UK Tourists Died From E. Coli Exposure at a Hotel in Egypt
An English couple on vacation in Egypt died in August from illnesses linked to E. coli bacteria while staying at the Red Sea resort of Hurghada, Egypt's Prosecutor Nabil Sadek confirmed Wednesday.
On Aug. 21, John and Susan Cooper died within hours of each other after staying at the five-star Steigenberger Aqua Magic hotel, which they had booked through the travel agency Thomas Cook Group Plc. Following the Coopers' deaths, the travel company hired an independent hygiene specialist and air quality specialist to conduct a series of tests at the hotel. The group promptly flew out the remaining 300 guests who had booked stays through the agency after the food tests and hygiene standards revealed high levels of E. Coli and staphylococcus bacteria, Bloomberg reports.
Autopsy reports showed that John Cooper, 69, suffered acute intestinal dysentery caused by E. coli, and Susan Cooper, 64, suffered Hemolytic-uremic syndrome (HUS), likely because of E. coli, Sadek said in a statement.

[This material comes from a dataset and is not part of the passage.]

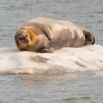 The Bearded Seals in Kongsfjorden often have rusty pelts from foraging on the iron-rich sea bed there (Image by Mike Watson)

The autopsies also showed "no criminal violence" was involved in the deaths, and other tests found no toxic gas emissions or leaks in the couple's room, the statement said. Additionally, air and water tests came back normal. An initial medical examination of John Cooper showed he had suffered acute circulatory collapse and a sudden cardiac arrest. Officials also said Susan Cooper was later rushed to hospital after fainting and underwent resuscitation attempts for 30 minutes before she died.

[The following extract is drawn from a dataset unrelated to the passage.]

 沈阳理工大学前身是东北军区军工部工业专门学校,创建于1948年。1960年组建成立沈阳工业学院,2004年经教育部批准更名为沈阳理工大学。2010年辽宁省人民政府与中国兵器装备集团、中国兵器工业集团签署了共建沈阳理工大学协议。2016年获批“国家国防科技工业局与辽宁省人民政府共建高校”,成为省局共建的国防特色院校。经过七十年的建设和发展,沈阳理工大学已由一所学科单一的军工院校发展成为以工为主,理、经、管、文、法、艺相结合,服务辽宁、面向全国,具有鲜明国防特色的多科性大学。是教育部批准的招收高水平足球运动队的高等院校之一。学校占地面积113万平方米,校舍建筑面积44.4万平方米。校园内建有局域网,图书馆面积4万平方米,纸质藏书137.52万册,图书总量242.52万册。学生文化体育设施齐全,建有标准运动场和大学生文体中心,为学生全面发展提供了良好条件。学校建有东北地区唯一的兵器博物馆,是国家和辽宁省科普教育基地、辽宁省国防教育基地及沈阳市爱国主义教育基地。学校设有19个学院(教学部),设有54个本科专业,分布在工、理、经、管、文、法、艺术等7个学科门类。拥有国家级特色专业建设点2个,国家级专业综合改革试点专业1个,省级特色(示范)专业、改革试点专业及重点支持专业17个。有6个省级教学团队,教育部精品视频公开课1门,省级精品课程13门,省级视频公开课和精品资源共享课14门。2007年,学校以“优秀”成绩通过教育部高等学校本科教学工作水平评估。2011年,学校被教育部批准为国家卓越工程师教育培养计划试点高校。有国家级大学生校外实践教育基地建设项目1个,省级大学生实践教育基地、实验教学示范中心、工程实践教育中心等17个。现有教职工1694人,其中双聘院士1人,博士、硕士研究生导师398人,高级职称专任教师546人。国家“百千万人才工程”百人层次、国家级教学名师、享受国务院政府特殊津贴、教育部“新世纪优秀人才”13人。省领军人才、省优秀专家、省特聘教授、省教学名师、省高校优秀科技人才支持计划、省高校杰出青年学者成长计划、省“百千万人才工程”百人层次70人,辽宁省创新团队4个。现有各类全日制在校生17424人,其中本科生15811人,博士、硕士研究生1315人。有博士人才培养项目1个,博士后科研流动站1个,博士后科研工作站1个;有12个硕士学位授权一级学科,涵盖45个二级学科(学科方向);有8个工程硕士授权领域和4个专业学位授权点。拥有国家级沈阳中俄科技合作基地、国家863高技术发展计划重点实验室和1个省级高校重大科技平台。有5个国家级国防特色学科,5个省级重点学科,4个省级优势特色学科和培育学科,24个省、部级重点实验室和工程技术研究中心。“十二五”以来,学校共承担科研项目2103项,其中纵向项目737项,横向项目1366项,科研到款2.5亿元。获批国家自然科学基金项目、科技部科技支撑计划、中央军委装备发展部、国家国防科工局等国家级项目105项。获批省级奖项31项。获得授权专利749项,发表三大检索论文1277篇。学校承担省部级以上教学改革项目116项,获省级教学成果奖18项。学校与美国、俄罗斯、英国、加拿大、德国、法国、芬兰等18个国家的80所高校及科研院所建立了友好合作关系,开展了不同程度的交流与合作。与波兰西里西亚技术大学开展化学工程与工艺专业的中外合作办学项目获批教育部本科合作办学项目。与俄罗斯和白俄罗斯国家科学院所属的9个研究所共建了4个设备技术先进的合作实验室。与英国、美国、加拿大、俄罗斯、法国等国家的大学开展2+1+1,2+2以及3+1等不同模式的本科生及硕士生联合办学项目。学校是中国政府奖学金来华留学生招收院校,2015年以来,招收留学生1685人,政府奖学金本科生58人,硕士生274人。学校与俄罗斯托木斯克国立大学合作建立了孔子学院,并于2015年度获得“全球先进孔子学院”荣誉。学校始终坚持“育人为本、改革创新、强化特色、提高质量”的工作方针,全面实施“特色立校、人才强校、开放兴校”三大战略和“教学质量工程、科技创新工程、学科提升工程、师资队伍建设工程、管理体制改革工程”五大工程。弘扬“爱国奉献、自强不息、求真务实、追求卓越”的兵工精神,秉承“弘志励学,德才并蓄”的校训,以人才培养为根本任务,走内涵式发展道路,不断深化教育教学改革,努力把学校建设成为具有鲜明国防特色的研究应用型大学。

Thomas Cook noted Sadek's announcement but did not release an immediate comment. The agency said it had not seen the full report and needed time for its own experts to review it. The group said in a previous statement that it is putting together a compensation package for all customers who became ill while staying at the Steigenberger Aqua Magic Hotel in Hurghada during August.